TO DO:
Omit all pictures. Print the remaining lines exactly, from the start of the data through the line containing "右奥の山が大日岳です。ぼくらは往路を戻り剣沢に向かいました。 、 |".

(Source data)
BEGIN
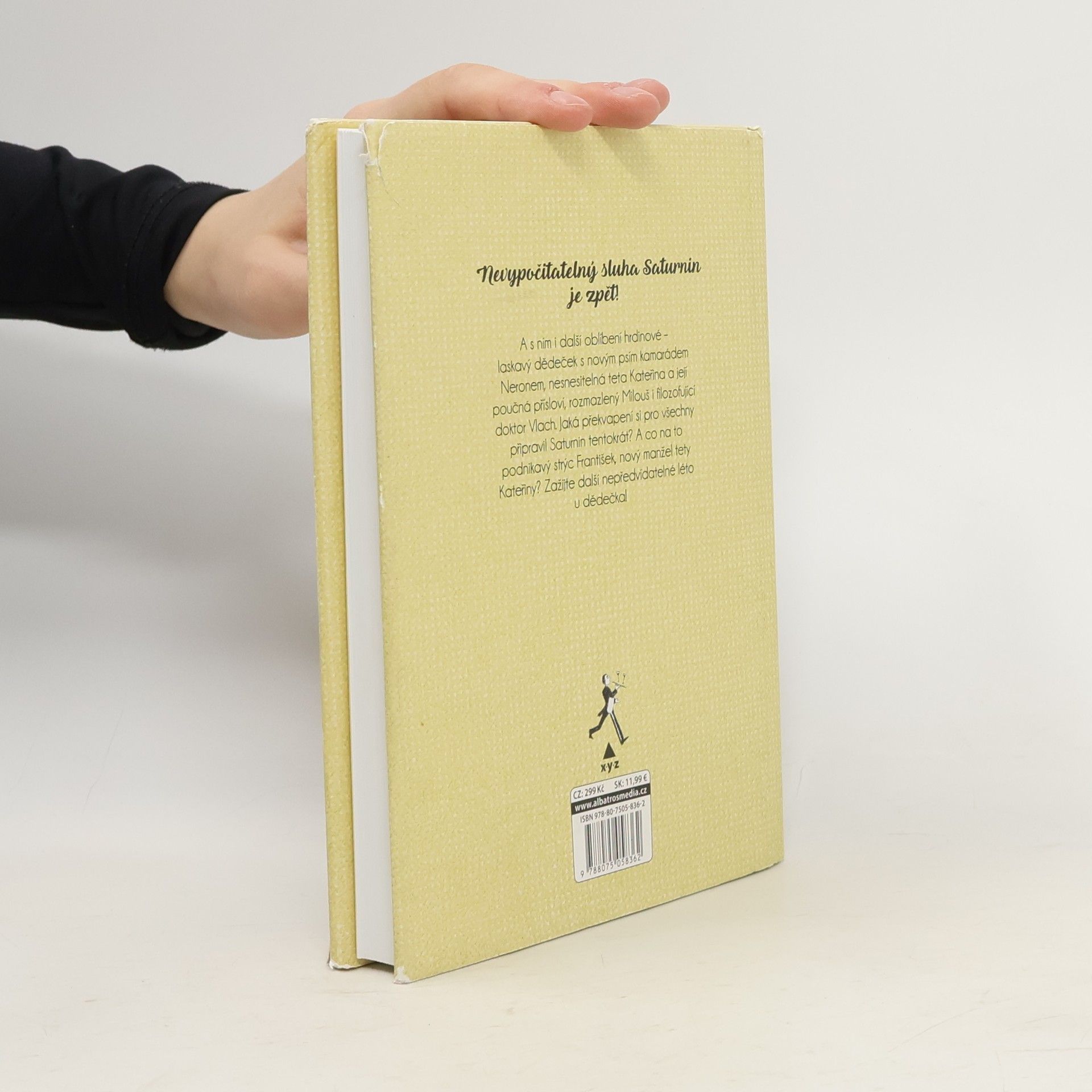 „Slavná humoristická kniha, která baví již několik generací čtenářů, pokračuje!“ Nevypočitatelný sluha Saturnin je zpět! A s ním i další oblíbení hrdinové – laskavý dědeček s novým psím kamarádem Neronem, nesnesitelná teta Kateřina a její poučná přísloví, rozmazlený Milouš i filozofující doktor Vlach. Jaká překvapení si pro všechny připravil Saturnin tentokrát? A co na to podnikavý strýc František, nový manžel tety Kateřiny? Zažijte další nepředvídatelné léto u dědečka!
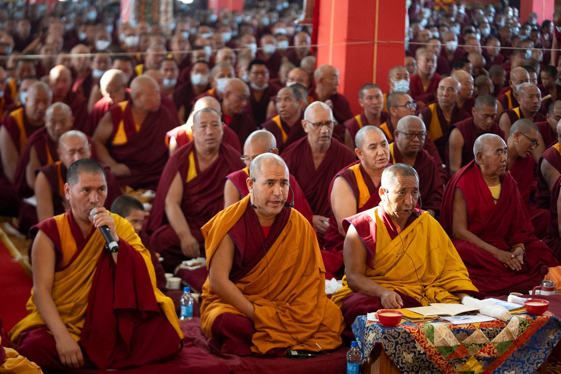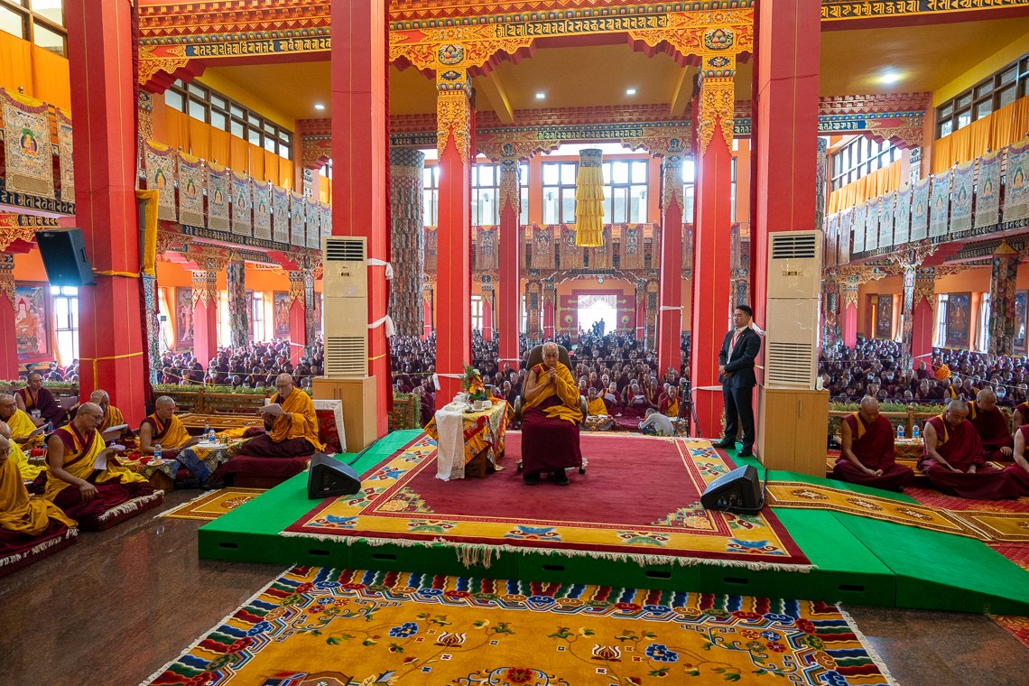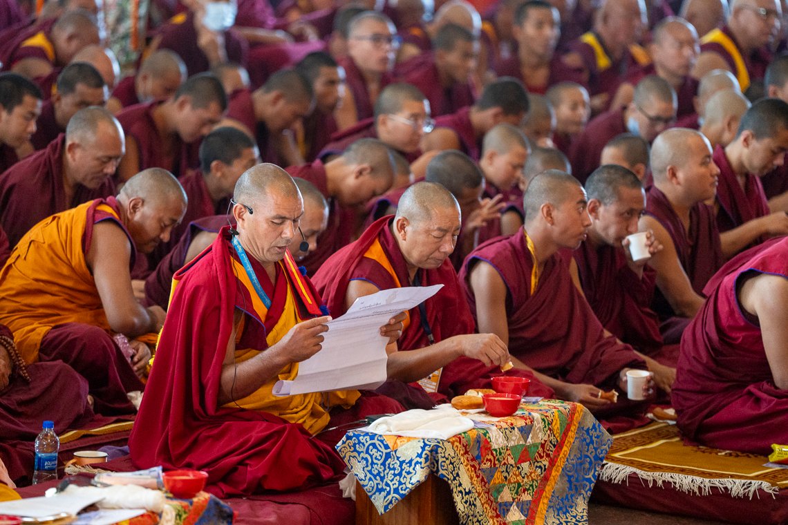 Наставник Таши Лхунпо по дисциплине объявил, что сегодня проходит молебен под руководством Его Святейшества Далай-ламы и других духовных учителей. Затем он огласил список пожертвований, совершенных в поддержку церемонии.
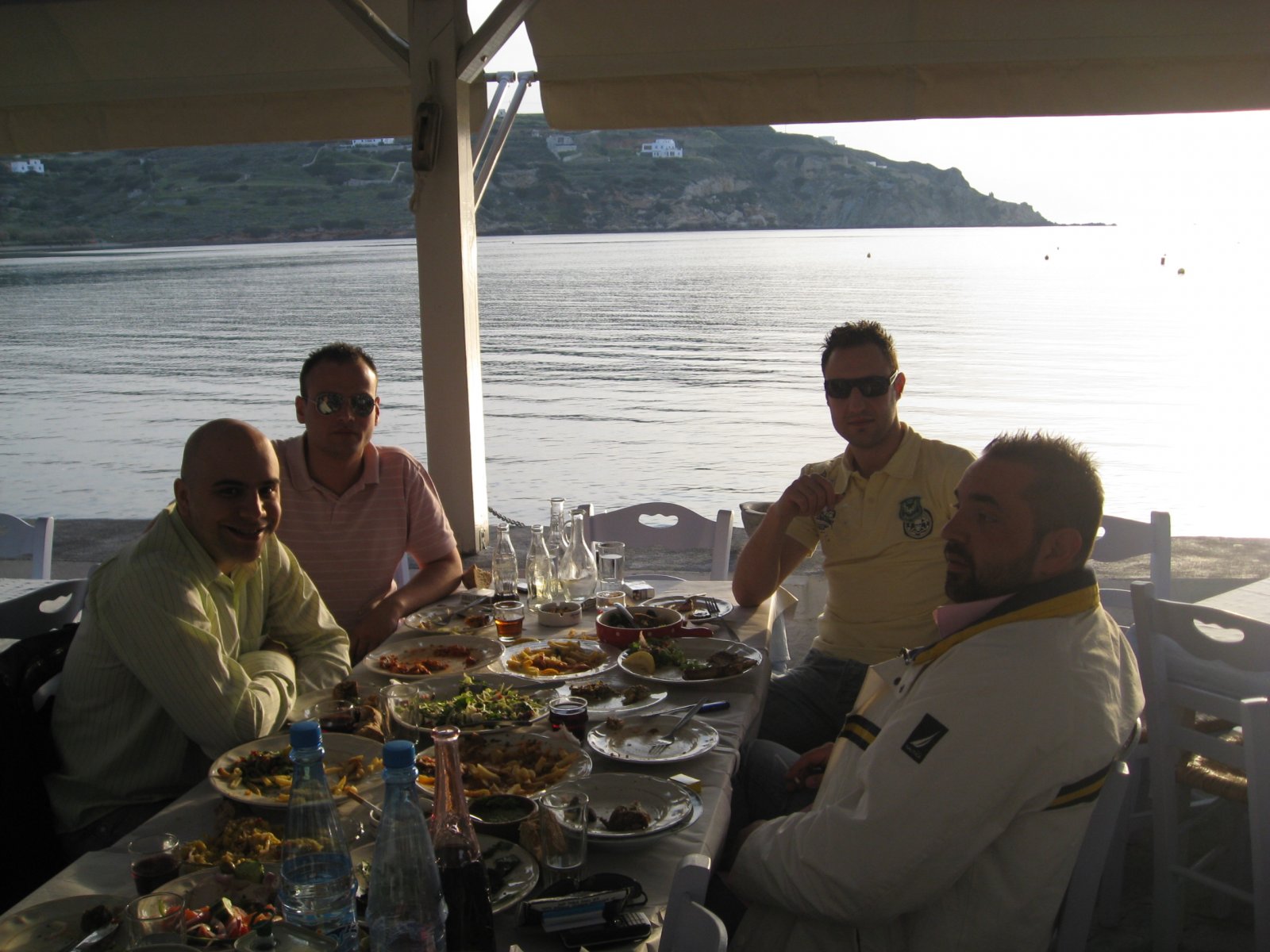 Όπως ήταν λογικό το τραπέζι αυτό μας τράβηξε σα μαγνήτης, μέχρι να πέσει ο ήλιος πίσω απ’ το λιμάνι απέναντι μας:
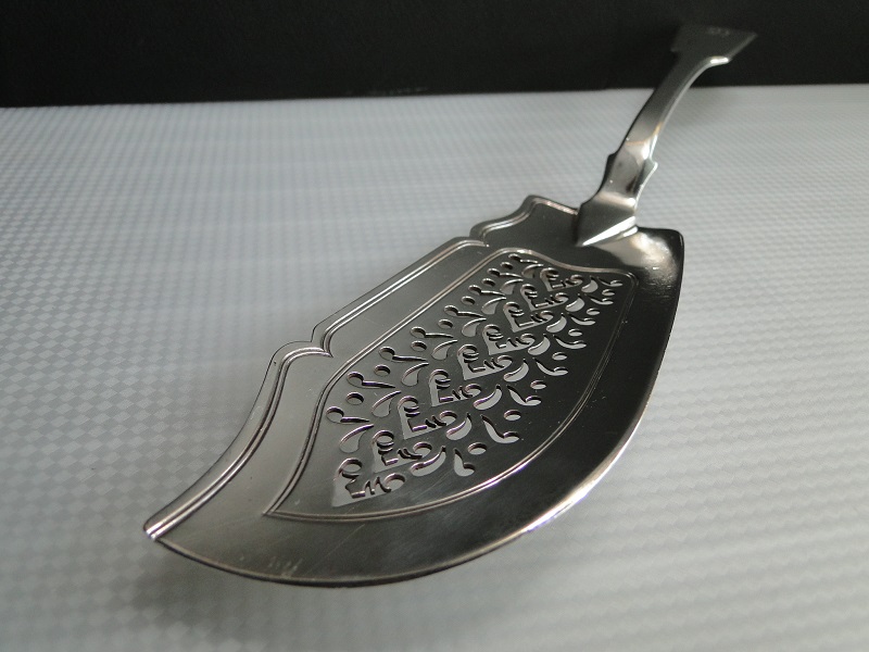 JUGEMテーマ:英国アンティーク・ヴィンテージ食器 フィッシュスライスサーバー 透かし模様が美しい 長さは約29.7cm 重さ約149g ジョージアン 1837年
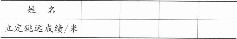 首先需实际调查几名同学的立定跳远成绩并填入表格(假设调查4名同学成绩分别为:小明1.8米、小红1.6米、小刚1.9米、小丽1.7米)。(1)比较成绩大小:1.9>1.8>1.7>1.6,所以小刚成绩最好。(2)从高到低排序为:1.9米(小刚)、1.8米(小明)、1.7米(小丽)、1.6米(小红)。
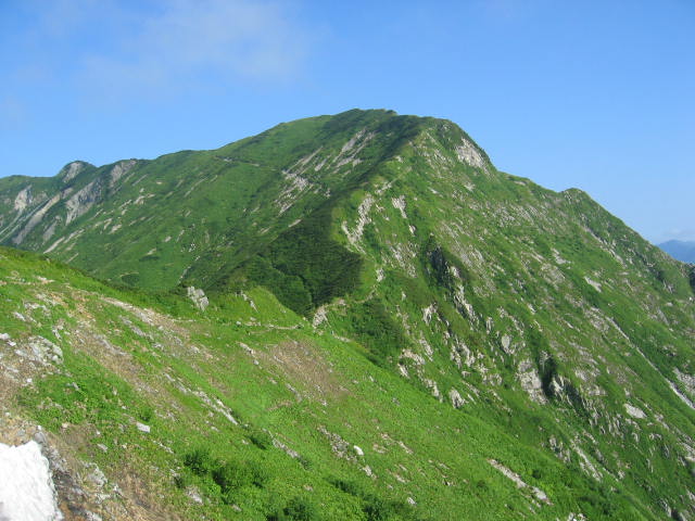 右奥の山が大日岳です。ぼくらは往路を戻り剣沢に向かいました。 、 |
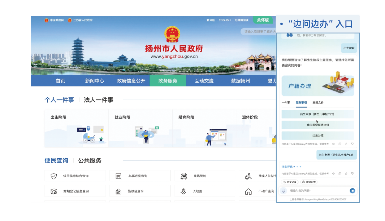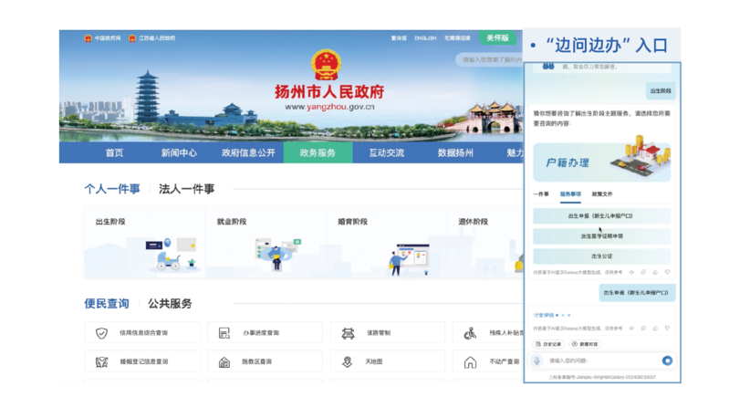 近日,在2025年数字政府服务能力评估暨第二十四届政府网站创新发展评估指标体系意见征求研讨会上,扬州市人民政府办公室四级调研员黄玉国分享了扬州市政府智能门户的数智化探索与建设成果。 图源:研讨会现场拍摄 01 扬州市政府打造“三好”智慧门户 扬州市政府依托政务垂类星汉Galaxy大模型,通过构建“五智”服务体系,形成“智能感知→精准解析→主动服务→闭环处置”的全链路智能化服务闭环,实现了“政府信息更好查、政务服务更好办、互动交流更好问”的“三好”智慧门户,让AI成为全程陪伴的“隐形助手”。 “智看” 智能解析政务信息,以通俗化、多模态方式呈现,助力用户轻松理解政策、获取资讯;“智查”支持自然语言提问、主动追问用户需求,秒级聚合信息,实现精准查找;“智问” 如同对话专员般灵活解答政务疑问;“智办”以“高效办成一件事”为核心,通过全流程引导优化办事体验,支持边问边办、材料智能核验;“智诉” 实现对话式诉求填报与预审,提高填报准确率与处理效能。“五智”协同,为扬州市民及企业提供智能化、精准化、伴随式的服务体验。 图源:扬州市人民政府官网 02 政府智能门户全景落地的“大汉方案” 这一创新性实践,由大汉软件基于自研政务垂类星汉Galaxy大模型助力打造。通过“内容智能引擎+政务智能体引擎”双轮驱动,构建起覆盖“智看、智查、智问、智办、智诉”五智服务体系的全流程政府智能门户,以全程伴随式交互让公众沉浸式体验“AI无处不在”。 基于国家网信办双备案的政务垂类星汉Galaxy大模型,整合政策文件、政务公开、市场监管等60多个政务服务主题数据,构建精准可靠的政务知识体系,并通过政务专有化训练与安全合规优化,确保数据安全释放价值。 依托Agent智能体构建平台(支持MCP协议),构建5大类智能体。覆盖问答交互、导读导览、业务办理、数据查询、诉求提交及跨部门协同调度,实现多场景自动化服务。 采用无侵入式敏捷部署。无需对原有门户网站进行代码改造,通过可视化工具自主圈选页面区域,即可快速嵌入AI交互功能,实现“零开发”智能化升级。 灵活适配多种形式的算力。提供“私有化部署、云端即开即用、软硬一体机插电即用”三种模式,兼容国产芯片及主流政务云。 该方案在扬州实践中验证了其安全实效性、智能场景实用性、部署高效性及灵活兼容性。未来,大汉软件将持续深化政务垂类大模型应用,助力政府门户网站实现大模型时代从“集约化”到“智能化”的跃迁,为市民及企业打造更加便捷高效的沉浸式交互体验,也为全国数智政府实践输出更具温度的“扬州经验”。 |
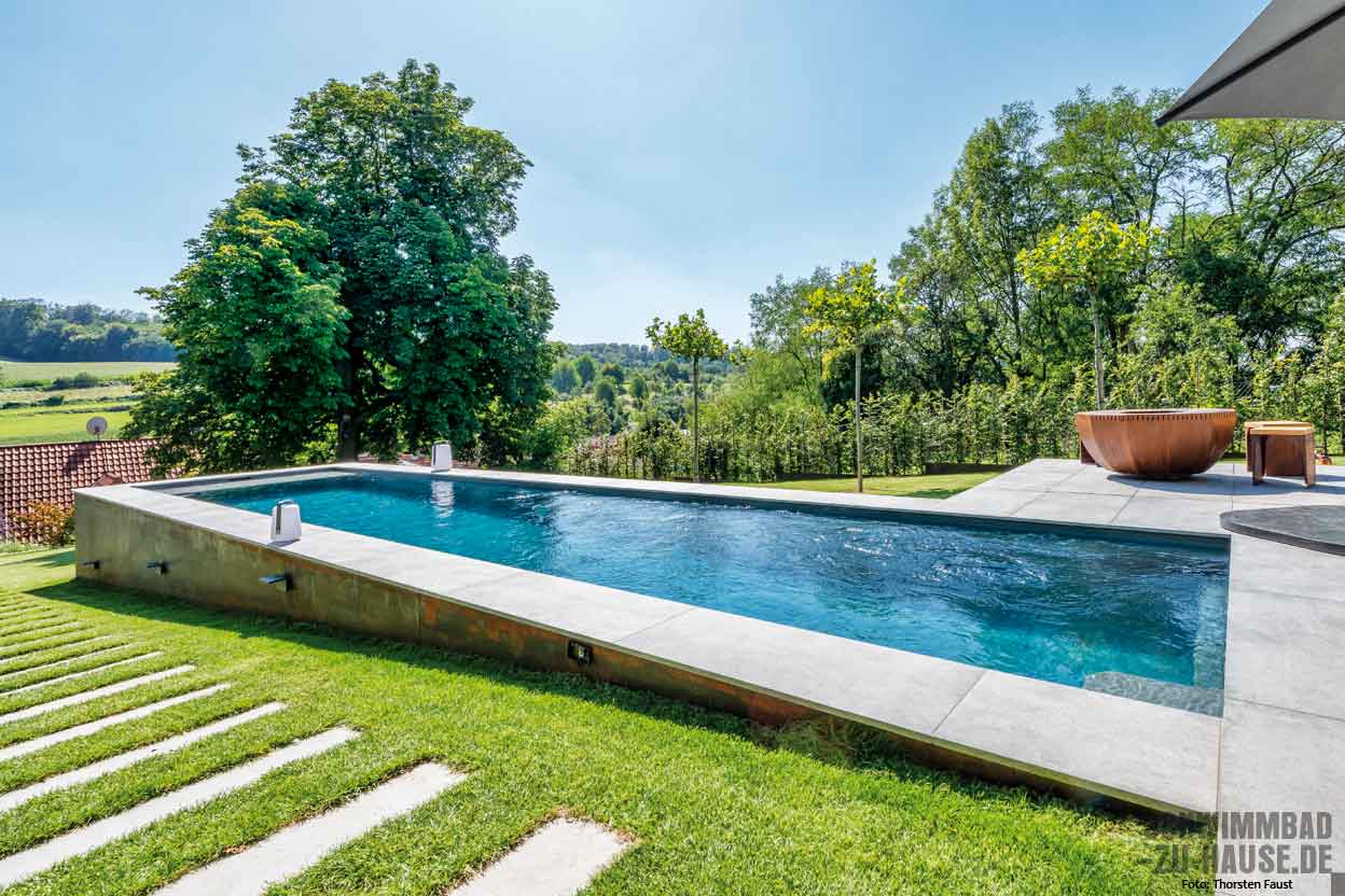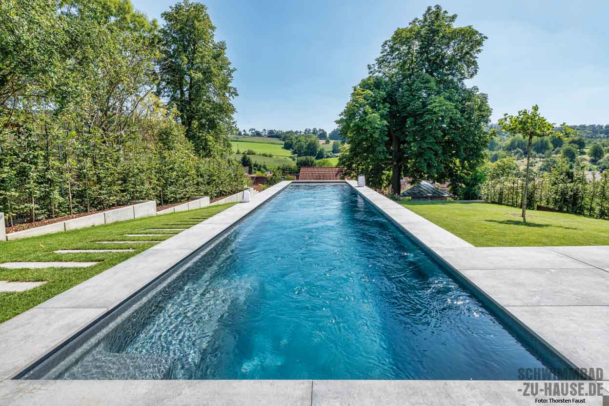 Höher, weiter, schneller, dies sind ohne Frage drei Attribute, die den neuen Pool im Garten der Bauherrenfamilie aus Groß-Umstadt in der Nähe von Aschaffenburg treffend beschreiben. Das Becken mit einer stattlichen Länge von 11,86 Meter und einer schmalen Breite von 2,59 Meter fügt sich perfekt in das Grundstück hinter dem Haus ein und ist seit seiner Fertigstellung zum Lieblingsort der gesamten Familie avanciert. Besonders der als Bauingenieur tätige und in seiner Freizeit als Triathlet aktive Familienvater nutzt das heimische Badeparadies täglich. Mit dem Pool hat er einen zuverlässigen und leistungsstarken Trainingspartner gefunden.
END
TASK ANSWER:
 „Slavná humoristická kniha, která baví již několik generací čtenářů, pokračuje!“ Nevypočitatelný sluha Saturnin je zpět! A s ním i další oblíbení hrdinové – laskavý dědeček s novým psím kamarádem Neronem, nesnesitelná teta Kateřina a její poučná přísloví, rozmazlený Milouš i filozofující doktor Vlach. Jaká překvapení si pro všechny připravil Saturnin tentokrát? A co na to podnikavý strýc František, nový manžel tety Kateřiny? Zažijte další nepředvídatelné léto u dědečka!
 Наставник Таши Лхунпо по дисциплине объявил, что сегодня проходит молебен под руководством Его Святейшества Далай-ламы и других духовных учителей. Затем он огласил список пожертвований, совершенных в поддержку церемонии.
 Όπως ήταν λογικό το τραπέζι αυτό μας τράβηξε σα μαγνήτης, μέχρι να πέσει ο ήλιος πίσω απ’ το λιμάνι απέναντι μας:
 JUGEMテーマ:英国アンティーク・ヴィンテージ食器 フィッシュスライスサーバー 透かし模様が美しい 長さは約29.7cm 重さ約149g ジョージアン 1837年
 首先需实际调查几名同学的立定跳远成绩并填入表格(假设调查4名同学成绩分别为:小明1.8米、小红1.6米、小刚1.9米、小丽1.7米)。(1)比较成绩大小:1.9>1.8>1.7>1.6,所以小刚成绩最好。(2)从高到低排序为:1.9米(小刚)、1.8米(小明)、1.7米(小丽)、1.6米(小红)。
 右奥の山が大日岳です。ぼくらは往路を戻り剣沢に向かいました。 、 |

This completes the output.